Mattie’s gaze narrowed at his claim. ‘But Thom’s sister has other ideas …?’
Jack nodded. ‘It’s completely unreciprocated, Mattie, I can assure you,’ he told her wryly. ‘But as Sharon is Thom’s sister, it’s rather an awkward situation. Short of actually telling her I’m just not interested, which would make things very difficult for everyone—I thought that if I turned up in Paris with a female in tow—’
‘Thanks very much!’ Mattie protested.
‘You weren’t my original choice,’ he reminded her.
No, either Sally, Cally, Sandy, or Tina had been that. But as Mattie, with one of her impulsive actions, had put paid to any of them going to Paris with him—!
‘What’s wrong with this Sharon?’ she prompted interestedly.
‘I’m too much of a gentleman to say,’ Jack returned smoothly.
Just as well she wasn’t taking another sip of her wine when he said that! Gentleman, indeed!
Mattie shook her head. ‘I have a business to run, I can’t just disappear off to Paris for three days—’
‘Four,’ Jack corrected evenly. ‘And Friday and Monday are bank holidays,’ he reasoned. ‘So it will only be for the Saturday. I’m sure you must take time off; who looks after the shop then?’
She didn’t very often take holidays, but when she did she always called on her best friend Sam from their university days. Sam was married with a young baby now, but she loved to keep her hand in and work in the shop if she had the chance. Except Mattie really didn’t want to take this particular holiday!
‘It doesn’t matter how many days it is—I’m not going!’ Mattie repeated firmly.
‘No?’ He raised dark brows.
Mattie took a desperate swallow of her wine, managing to avoid choking herself this time, although the warmth of the alcohol did nothing to fill the cold hollow she could feel in the pit of her stomach.

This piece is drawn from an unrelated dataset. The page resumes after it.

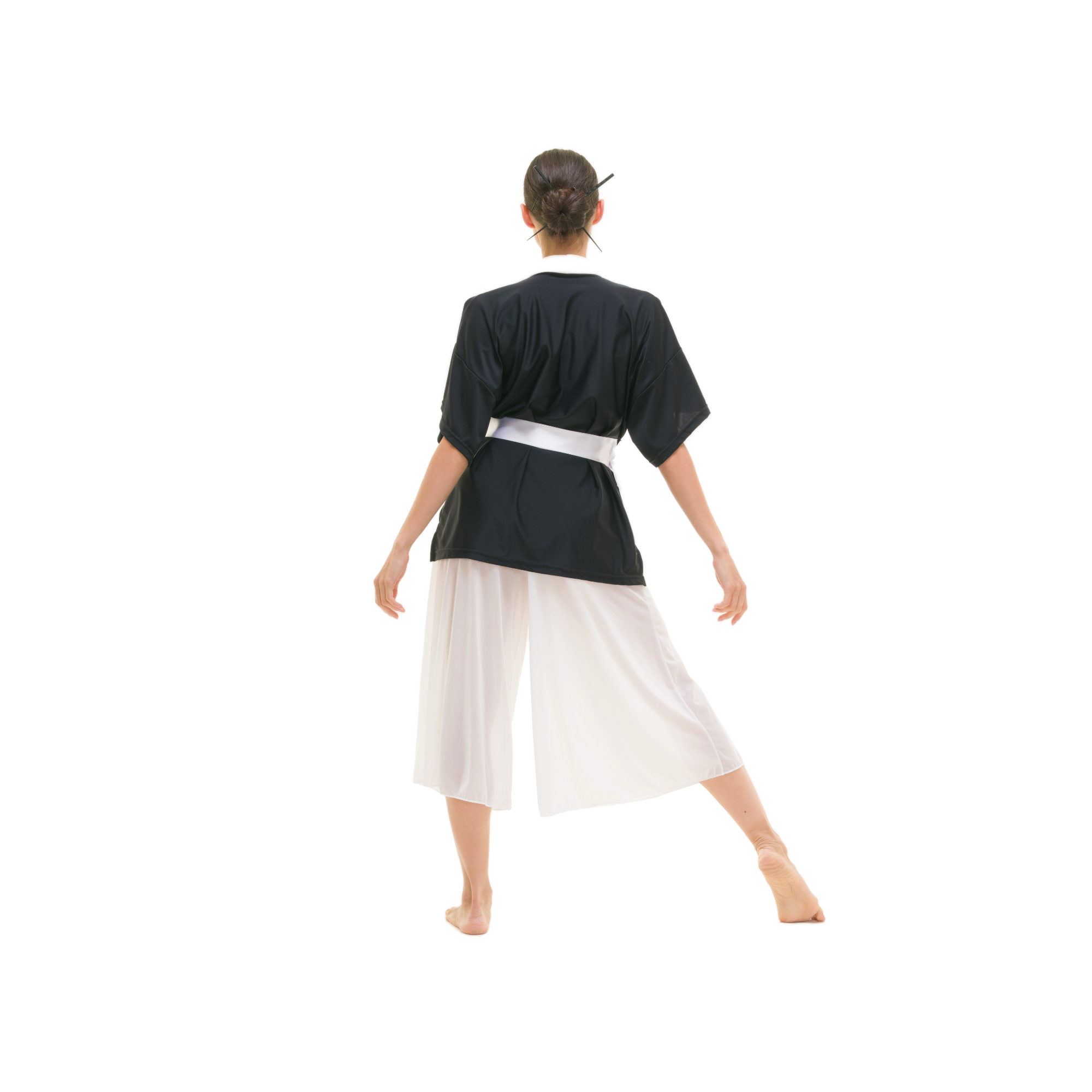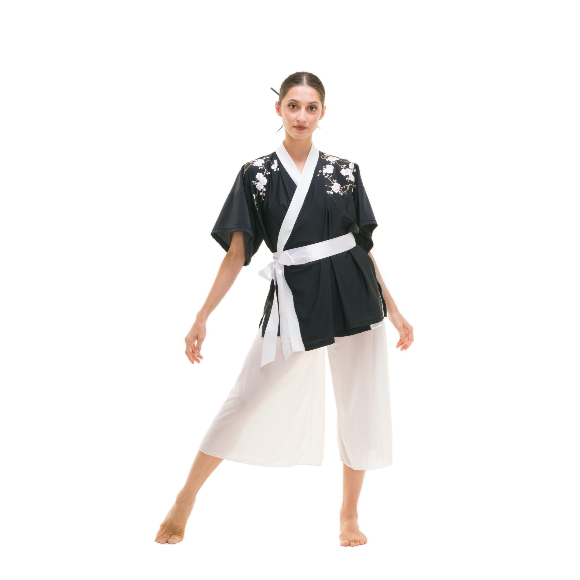 Completo composto da Kimono in lycra con bordatura a contrasto e nastro raso per chiuderlo. Decori fiori ciliegio. Coulotte in lycra. Pantalone in retina semitrasparente (Siviglia) su cinturino, svasato al fondo, lunghezza sotto polpaccio. Coulotte in lycra.

Her deliberate act—an act Jack Beauchamp knew to be deliberate!—in changing those cards on the flowers he’d sent to the four women in his life had been a really stupid, unprofessional thing to do. Something else Jack Beauchamp was well aware of. As he was also aware he could make serious professional trouble for her if he chose to do so …
Blackmail. The man was using blackmail on her. A crime as serious—if not more so—than the one she had committed.
But that was the important thing here—the one she had committed …
Deliberately. Not cold-bloodedly. She had been too indignant, on behalf of those four unsuspecting women—as well as for herself, she admitted now—for it ever to be called that! But she had definitely acted with malice aforethought.
But that surely wasn’t punishable, courtesy of a weekend in Paris with this man—
What was she saying? A weekend in Paris with Jack Beauchamp wasn’t a punishment. At least, not one that any sane woman would see as punishment … The man was gorgeous, charming, so sexy he made her toes curl to look at him. Punishment! Most women would leap at the chance to go to Paris with him for the weekend.
Even her, if she were honest with herself …
She avoided his teasing gaze, moistening dry lips. ‘What would I tell my mother?’ Oh, Mattie, she inwardly chided; she knew she wasn’t in the least sophisticated, but she could at least try to act as if she were. What would her mother say, indeed!
Jack seemed to give the question serious thought, surprisingly no mockery in his expression as he did so. ‘I suppose it’s too much to hope that your mother doesn’t know I’m the greedy pig you were talking about yesterday?’ he finally responded.